The book “The Ward of Cripplegate in the City of London”, (1985) by Caroline Gordon and Wilfred Dewhirst also refers to the Anglo-Saxon Crepel, or covered way as the source of the name taken on by the gate, and that Crepel was still used in written references to the gate in the late 20th century. The authors do though dismiss the story of St Edmund as a story that can “hardly be taken seriously”.

Baddeley provides some excerpts from City records to illustrate the history of the gate. In 1297 is was ordered that “Crepelgate should be kept by the Wards of Crepelgate, Chepe and Bassieshawe”, and “At the Gate of Crepelgate, there were to be found at night, from the same Ward Within eight men, well armed; and from the Ward of Bassieshaw six men, well armed; and from the Ward of Colmannestrete, six men, well armed and Robert Cook and John le Little were chosen to keep the keys of the gate aforesaid.”

The gate required regular repair, and in “1490, Sir Edward Shaa, who had been Alderman of the Ward from 1473 to 1485 bequeathed five hundred marks for the purpose of repairing the Gate”.

The gate was well kept and guarded during the Wars of the Roses during the second half of the 15th century. This was the last time that the City wall was strengthened, and the brick work that was added to the City Wall can be still be seen in the stretch of wall by St Alphage, a very short distance to the east of the old location of the Cripplegate.

As with other City gates, it was used as a processional route, with Elizabeth I apparently using the gate as her access to the City on her journey from Hatfield to London after the death of her sister, Mary I on the 17th November 1558.

The gate was also used to display the bodies of those who had been executed as a warning to those passing through the gate.

Cripplegate as it appeared in 1760 looking north from the City side of the gate, within Wood Street:

Cripplegate Ward

The above print from Baddeley’s book is dated 1760, although it may have been a view of the gate some years earlier, as by 1760 the gate was being described as in a poor condition. The carriageway through the gate was relatively narrow, and London had been expanding considerably to the north of the old gates and Roman wall which by the mid 18th century were no longer effective or needed as a defensive structure to protect the City of London.

Tolls were taken at the gate, but these were insufficient to keep up with the costs of repair, so in early 1760, the decision was taken to demolish the gate.
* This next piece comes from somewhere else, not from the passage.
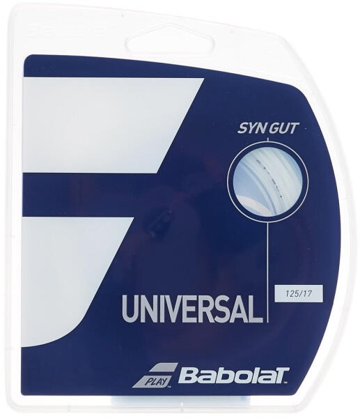 Babolat Synthetic Gut Universal (12 m) - Tenisz húr Merülj el a profi tenisz szférában a Babolat Synthetic Gut Universal teniszhúrral. Ez a haladó játékosok és amatőrök számára egyaránt készített modell kivételes kényelmet garantál a játék során. Bőséges tulajdonságaival és kiváló minőségével, remek áron, ideális választás a hibrid konfigurációkban.

The City Lands Committee advertised for tenders to demolish and remove a number of the old gates, including Cripplegate, Aldersgate and Moorgate.

A Mr. Benjamin Blackden bought Cripplegate for £91 – buying the gate ensured demolition, and allowed the person buying the gate to keep a considerable quantity of building material.

The same Benjamin Blackden also paid £91 for Aldersgate and £166 for Moorgate.

On the 2nd of September 1760 newspapers were reporting that “Tuesday, the workmen began to erect scaffold at Cripplegate for pulling down that Gate.”

By the 31st of December, 1760, the Kentish Weekly Post was reporting that “Aldgate is quite pulled down, and Cripplegate is about two thirds down; and Moorgate, Aldersgate and Bishopsgate are to be pulled down forthwith.”

Demolition of the gate was completed in early 1761, and Wood Street then provided open access from the City to the northward expansion of London.

Lady Eleanor Holles School and Cripplegate are two lost features of Cripplegate Ward. Both very different, and in different periods of the Ward’s long history.

They have both left their mark in that the school is still functioning today, although in west London rather than the centre of the city, and Cripplegate, one of the City’s gates within the Roman Walls, that appears to have been named after an Anglo-Saxon word for a defensive, covered way, has left its name to one of the City’s most interesting wards.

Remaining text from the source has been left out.